**Task input**.
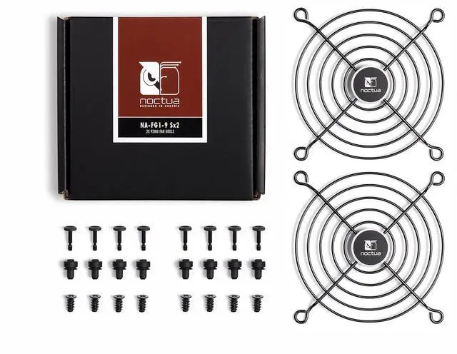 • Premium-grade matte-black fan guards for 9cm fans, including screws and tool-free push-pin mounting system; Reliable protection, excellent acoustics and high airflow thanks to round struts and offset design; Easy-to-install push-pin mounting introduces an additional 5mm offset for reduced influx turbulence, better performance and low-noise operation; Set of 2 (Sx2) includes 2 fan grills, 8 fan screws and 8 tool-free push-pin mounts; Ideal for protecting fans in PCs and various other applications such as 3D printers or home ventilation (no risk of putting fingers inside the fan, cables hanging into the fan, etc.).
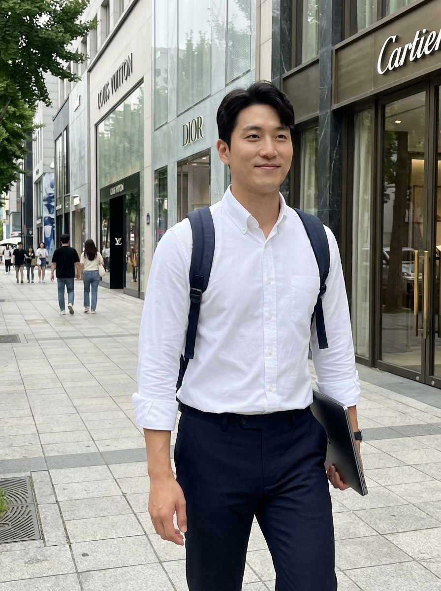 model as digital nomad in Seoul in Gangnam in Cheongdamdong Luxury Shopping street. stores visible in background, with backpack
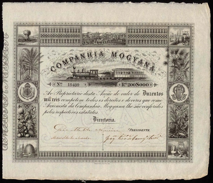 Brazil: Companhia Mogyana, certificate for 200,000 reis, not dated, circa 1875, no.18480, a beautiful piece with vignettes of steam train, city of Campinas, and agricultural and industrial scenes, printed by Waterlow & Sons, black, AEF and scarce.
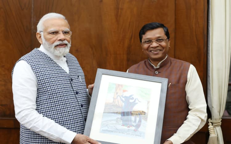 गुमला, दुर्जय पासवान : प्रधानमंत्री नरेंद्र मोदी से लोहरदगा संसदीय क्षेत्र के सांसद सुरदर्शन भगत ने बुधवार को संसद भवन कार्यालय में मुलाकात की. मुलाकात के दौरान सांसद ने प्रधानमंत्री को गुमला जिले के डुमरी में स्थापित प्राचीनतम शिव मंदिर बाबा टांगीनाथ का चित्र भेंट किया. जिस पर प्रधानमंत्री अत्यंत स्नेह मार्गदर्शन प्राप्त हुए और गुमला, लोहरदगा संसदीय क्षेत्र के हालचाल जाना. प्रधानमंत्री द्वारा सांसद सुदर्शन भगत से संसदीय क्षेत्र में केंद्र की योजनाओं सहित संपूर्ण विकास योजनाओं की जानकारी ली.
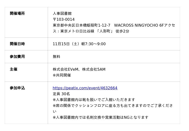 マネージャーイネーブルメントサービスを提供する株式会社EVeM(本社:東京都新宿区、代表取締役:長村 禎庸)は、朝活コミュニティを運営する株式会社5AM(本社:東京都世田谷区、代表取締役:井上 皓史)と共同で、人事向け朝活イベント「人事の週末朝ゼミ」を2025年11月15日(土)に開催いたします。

**Action item**.
Except for the pictures, set down all of the records exactly.

**Reply**.
 • Premium-grade matte-black fan guards for 9cm fans, including screws and tool-free push-pin mounting system; Reliable protection, excellent acoustics and high airflow thanks to round struts and offset design; Easy-to-install push-pin mounting introduces an additional 5mm offset for reduced influx turbulence, better performance and low-noise operation; Set of 2 (Sx2) includes 2 fan grills, 8 fan screws and 8 tool-free push-pin mounts; Ideal for protecting fans in PCs and various other applications such as 3D printers or home ventilation (no risk of putting fingers inside the fan, cables hanging into the fan, etc.).
 model as digital nomad in Seoul in Gangnam in Cheongdamdong Luxury Shopping street. stores visible in background, with backpack
 Brazil: Companhia Mogyana, certificate for 200,000 reis, not dated, circa 1875, no.18480, a beautiful piece with vignettes of steam train, city of Campinas, and agricultural and industrial scenes, printed by Waterlow & Sons, black, AEF and scarce.
 गुमला, दुर्जय पासवान : प्रधानमंत्री नरेंद्र मोदी से लोहरदगा संसदीय क्षेत्र के सांसद सुरदर्शन भगत ने बुधवार को संसद भवन कार्यालय में मुलाकात की. मुलाकात के दौरान सांसद ने प्रधानमंत्री को गुमला जिले के डुमरी में स्थापित प्राचीनतम शिव मंदिर बाबा टांगीनाथ का चित्र भेंट किया. जिस पर प्रधानमंत्री अत्यंत स्नेह मार्गदर्शन प्राप्त हुए और गुमला, लोहरदगा संसदीय क्षेत्र के हालचाल जाना. प्रधानमंत्री द्वारा सांसद सुदर्शन भगत से संसदीय क्षेत्र में केंद्र की योजनाओं सहित संपूर्ण विकास योजनाओं की जानकारी ली.
 マネージャーイネーブルメントサービスを提供する株式会社EVeM(本社:東京都新宿区、代表取締役:長村 禎庸)は、朝活コミュニティを運営する株式会社5AM(本社:東京都世田谷区、代表取締役:井上 皓史)と共同で、人事向け朝活イベント「人事の週末朝ゼミ」を2025年11月15日(土)に開催いたします。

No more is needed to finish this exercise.